# GIVEN DATA
○ ○ ○ ○

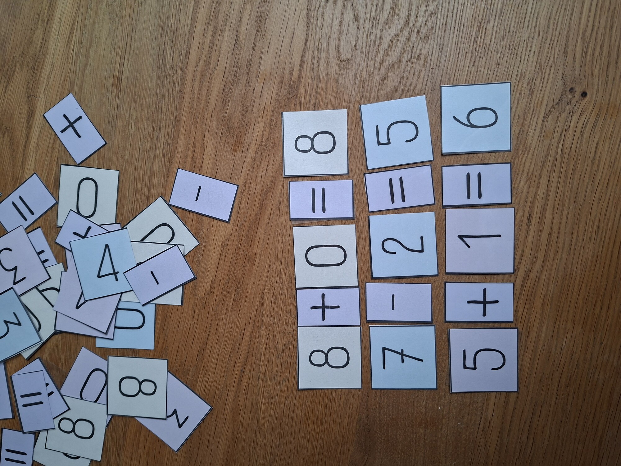 - kartičky s čísly, znaménky a výsledky do 10,
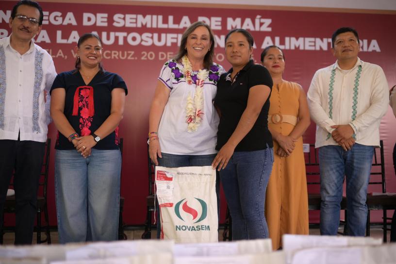 Papantla, Ver., miércoles 20 de agosto de 2025.- Desde la localidad de La Guásima, la gobernadora Rocío Nahle García encabezó la entrega de apoyos a más de 250 productoras y productores de maíz, quienes recibieron la variedad criolla mejorada Tuxpeño Hojero Chapingo para incrementar el rendimiento de sus cosechas y fortalecer la seguridad alimentaria, para reducir la importación
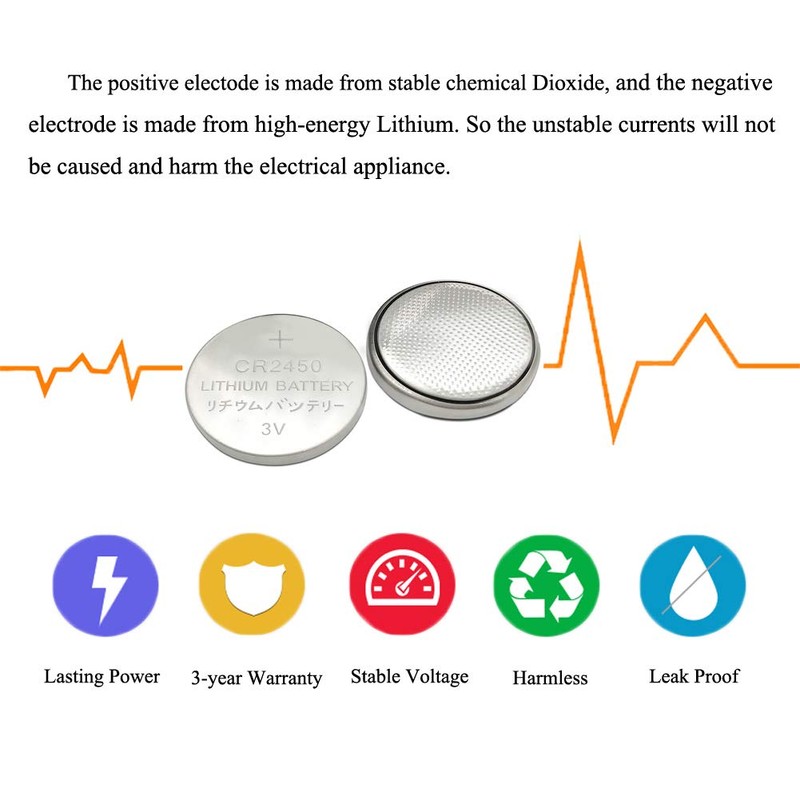 • High Quality: Our lithium coin battery CR2450 are not leaking, corroding, or otherwise failing. It is reliable and designed to service your devices for a t least two years, You will get more battery time and value for money with our quality CR2450 Lithium cells
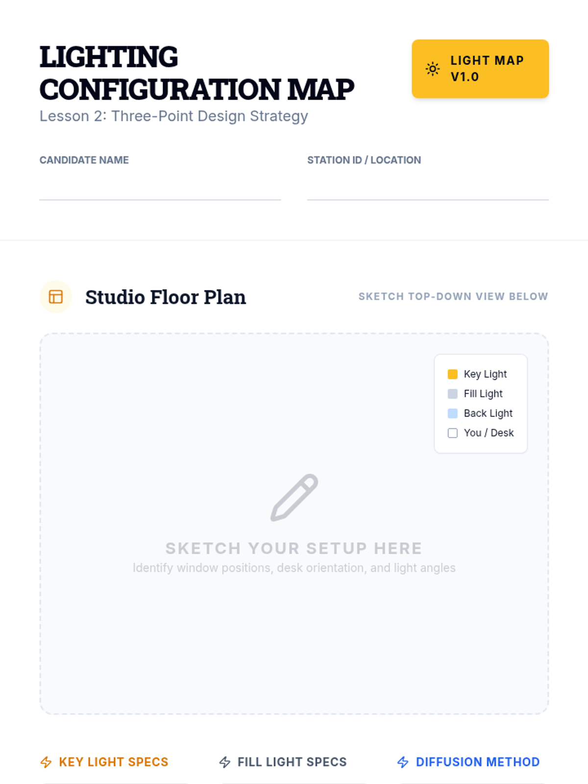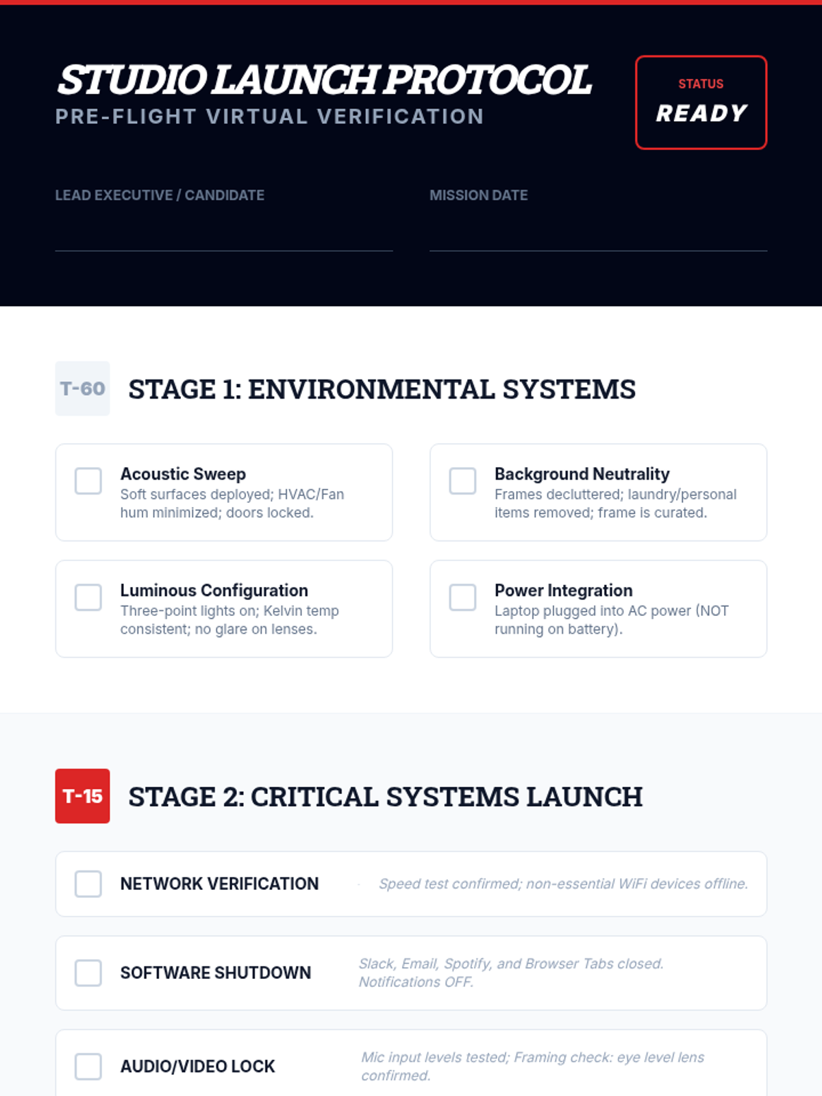 This graduate-level sequence treats the virtual interview space as a professional production set. Students will master acoustics, lighting physics, camera framing, and visual rhetoric to engineer a high-stakes professional presence.
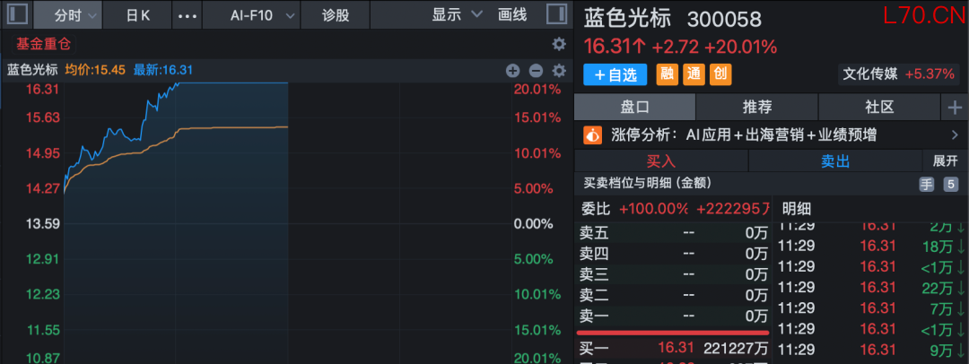 人工智能概念全线大涨,AI营销方向领涨,板块指数单边上扬逾7%,不到1小时成交超昨日全天成交。蓝色光标(300058)20%涨停,粤传媒开盘仅约1分钟垂直涨停,连续第2日封板,引力传媒、利欧股份等逾10股涨停或涨超10%。
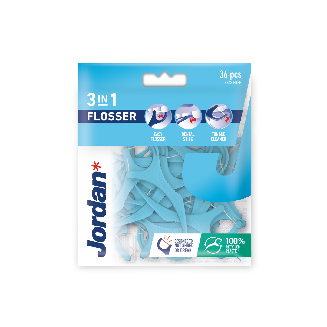 Jordan 3-in-1 Flosser er en engangstanntråd som gjør det enkelt å få et vakkert smil.
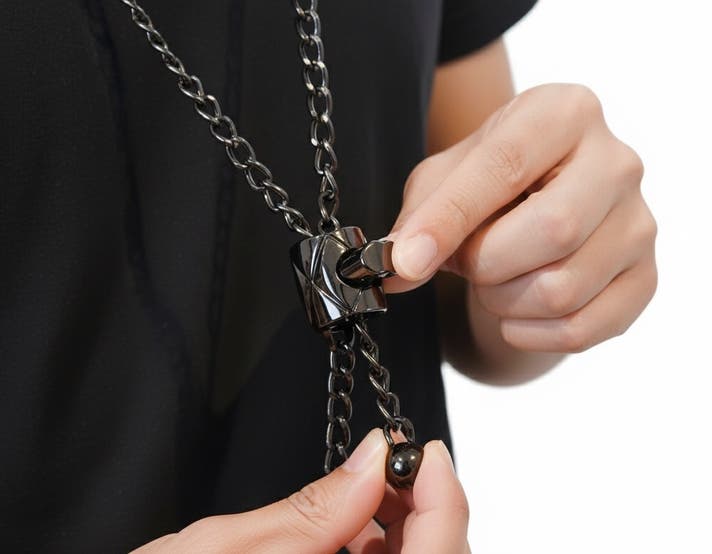 老若男女誰にでもフィット!押すだけで簡単調整可能なチェーン付き
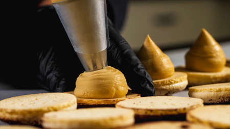 Chef is making caramel macarons, close-up.

○ ○ ○ ○

# INSTRUCTIONS FOR THE TASK
Repeat the data exactly in full, omitting its pictures.

# SOLUTION TO THE PROBLEM
 - kartičky s čísly, znaménky a výsledky do 10,
 Papantla, Ver., miércoles 20 de agosto de 2025.- Desde la localidad de La Guásima, la gobernadora Rocío Nahle García encabezó la entrega de apoyos a más de 250 productoras y productores de maíz, quienes recibieron la variedad criolla mejorada Tuxpeño Hojero Chapingo para incrementar el rendimiento de sus cosechas y fortalecer la seguridad alimentaria, para reducir la importación
 • High Quality: Our lithium coin battery CR2450 are not leaking, corroding, or otherwise failing. It is reliable and designed to service your devices for a t least two years, You will get more battery time and value for money with our quality CR2450 Lithium cells
 This graduate-level sequence treats the virtual interview space as a professional production set. Students will master acoustics, lighting physics, camera framing, and visual rhetoric to engineer a high-stakes professional presence.
 人工智能概念全线大涨,AI营销方向领涨,板块指数单边上扬逾7%,不到1小时成交超昨日全天成交。蓝色光标(300058)20%涨停,粤传媒开盘仅约1分钟垂直涨停,连续第2日封板,引力传媒、利欧股份等逾10股涨停或涨超10%。
 Jordan 3-in-1 Flosser er en engangstanntråd som gjør det enkelt å få et vakkert smil.
 老若男女誰にでもフィット!押すだけで簡単調整可能なチェーン付き
 Chef is making caramel macarons, close-up.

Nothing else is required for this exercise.